Keep it as a spare? Looks in fairly good shape?
Might come in handy if the other goes down.
I would just make up a plate for the hole to keep the snow out.
You said 3 holes, I only see 2?


----------



## oneboltshort (Dec 16, 2019)

As Ziggy pictured, it would have been factory to have the old style plunger prime.


----------



## codebluemi (Jan 2, 2022)

Big Ed said:


> They don't build them like that anymore, if you ask me just expensive, but cheap junk today.
> Keep it as a spare? Looks in fairly good shape?
> Might come in handy if the other goes down.
> I would just make up a plate for the hole to keep the snow out.
> You said 3 holes, I only see 2?


sorry it does have 2 holes couldnt really remember when i took the pics awhile back


----------



## JLawrence08648 (Jan 15, 2017)

I don't think the carburetor is original.
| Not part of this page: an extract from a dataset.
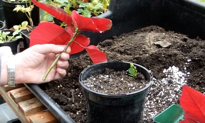 As estacas de poinsétias devem ser caules novos e saudáveis, cortados de plantas vigorosas. As hastes antigas que floresceram este ano não são as melhores estacas a serem usadas. Podar estas hastes para permitir que um novo broto se desenvolva.
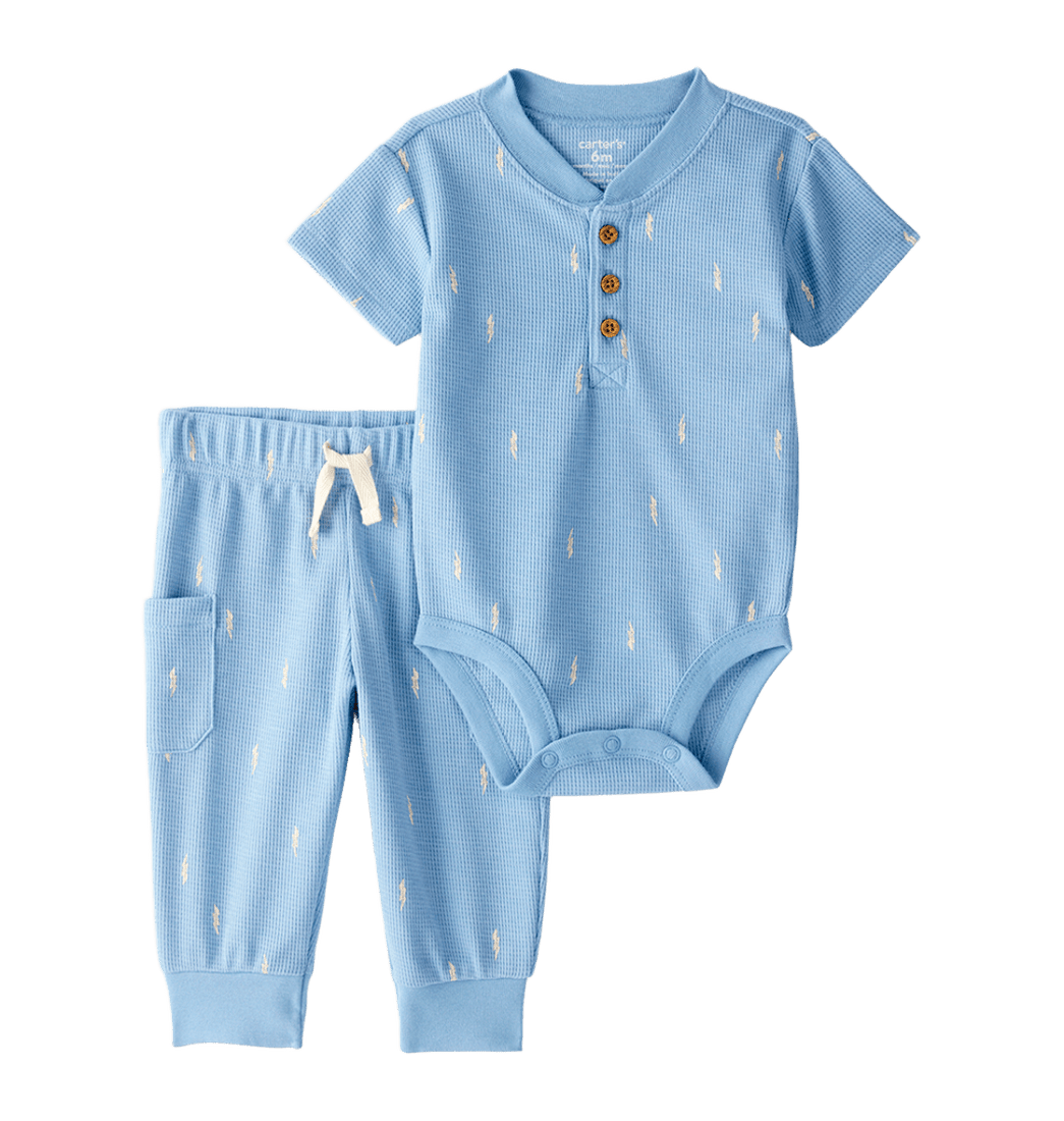 Set Body Manga Corta y Pantalón Azul Bebés Niños - Carter's

It may have come from a 2 cycle or some other equipment that is not snow related because of the choke lever, plus the carb holes are for an air cleaner. The original carb has small 8-32, 10-32, screws to hold a bracket that the carb box is screwed to. Seems to be missing the choke lever, knob, and apparatus. The carb cover needs to have a plate riveted to it, change the carb, primer, choke assembly. It's a 1973. If it runs good, it's worth $200 to a non-knowledgeable buyer, to a knowledgeable buyer, less than $100 if not $25-$50. It needs a complete going over, may need skid shoes, scraper bar, friction, belts, that all adds up.


----------



## codebluemi (Jan 2, 2022)

JLawrence08648 said:


> I don't think the carburetor is original. It may have come from a 2 cycle or some other equipment that is not snow related because of the choke lever, plus the carb holes are for an air cleaner. The original carb has small 8-32, 10-32, screws to hold a bracket that the carb box is screwed to. Seems to be missing the choke lever, knob, and apparatus. The carb cover needs to have a plate riveted to it, change the carb, primer, choke assembly. It's a 1973. If it runs good, it's worth $200 to a non-knowledgeable buyer, to a knowledgeable buyer, less than $100 if not $25-$50. It needs a complete going over, may need skid shoes, scraper bar, friction, belts, that all adds up.


thanks


----------



## Big Ed (Feb 10, 2013)

codebluemi said:


> sorry it does have 2 holes couldnt really remember when i took the pics awhile back


No problem, sometimes I miss something.


----------



## Ziggy65 (Jan 18, 2020)

JLawrence08648 said:


> I don't think the carburetor is original. It may have come from a 2 cycle or some other equipment that is not snow related because of the choke lever, plus the carb holes are for an air cleaner. The original carb has small 8-32, 10-32, screws to hold a bracket that the carb box is screwed to. Seems to be missing the choke lever, knob, and apparatus. The carb cover needs to have a plate riveted to it, change the carb, primer, choke assembly. It's a 1973. If it runs good, it's worth $200 to a non-knowledgeable buyer, to a knowledgeable buyer, less than $100 if not $25-$50. It needs a complete going over, may need skid shoes, scraper bar, friction, belts, that all adds up.




That is the original style carb, with the long choke lever which exits the the side of the heater box.

The OP carb is missing the primer assembly that bolts to the carb. 

This photo shows the assembly on my H50.










The long choke lever exits side of heater box and the primer knob exits through the hole below the choke lever.


----------



## Oneacer (Jan 3, 2011)

That might be the proper carb, but it is missing a bracket for the carb to bring those 2 holes out to two smaller screws, which in turn would be out enough to stabailize the heater box ... according to that schematic, the choke lever was over the carb like that, and notice the 2 smaller holes now for the carb to be secured to the heater box.

Boy, why would someone cannibalize that heater box like that .... as they say, one born every minute ....


----------